### Material provided
<<<<

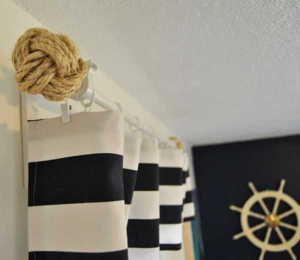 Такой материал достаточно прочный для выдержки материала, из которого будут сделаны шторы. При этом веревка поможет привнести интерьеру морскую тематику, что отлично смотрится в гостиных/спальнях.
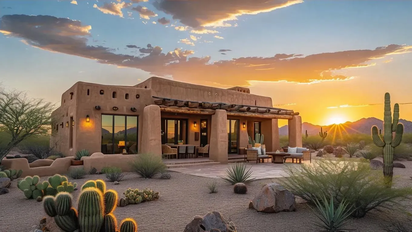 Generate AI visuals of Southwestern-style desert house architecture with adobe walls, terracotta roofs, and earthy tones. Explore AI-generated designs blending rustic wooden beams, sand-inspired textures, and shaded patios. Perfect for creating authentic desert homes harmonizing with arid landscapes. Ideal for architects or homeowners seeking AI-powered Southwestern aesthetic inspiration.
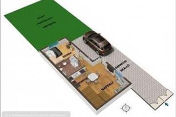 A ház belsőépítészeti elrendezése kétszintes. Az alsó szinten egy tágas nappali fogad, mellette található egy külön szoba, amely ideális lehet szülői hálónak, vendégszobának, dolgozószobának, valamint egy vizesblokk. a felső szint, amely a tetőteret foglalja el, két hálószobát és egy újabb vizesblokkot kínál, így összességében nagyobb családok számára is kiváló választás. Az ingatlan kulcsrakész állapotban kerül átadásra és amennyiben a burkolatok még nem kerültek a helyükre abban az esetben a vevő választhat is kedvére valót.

>>>>

### Problem details
The reply should contain all of the data above, word for word, with no pictures.

### Result below
 Такой материал достаточно прочный для выдержки материала, из которого будут сделаны шторы. При этом веревка поможет привнести интерьеру морскую тематику, что отлично смотрится в гостиных/спальнях.
 Generate AI visuals of Southwestern-style desert house architecture with adobe walls, terracotta roofs, and earthy tones. Explore AI-generated designs blending rustic wooden beams, sand-inspired textures, and shaded patios. Perfect for creating authentic desert homes harmonizing with arid landscapes. Ideal for architects or homeowners seeking AI-powered Southwestern aesthetic inspiration.
 A ház belsőépítészeti elrendezése kétszintes. Az alsó szinten egy tágas nappali fogad, mellette található egy külön szoba, amely ideális lehet szülői hálónak, vendégszobának, dolgozószobának, valamint egy vizesblokk. a felső szint, amely a tetőteret foglalja el, két hálószobát és egy újabb vizesblokkot kínál, így összességében nagyobb családok számára is kiváló választás. Az ingatlan kulcsrakész állapotban kerül átadásra és amennyiben a burkolatok még nem kerültek a helyükre abban az esetben a vevő választhat is kedvére valót.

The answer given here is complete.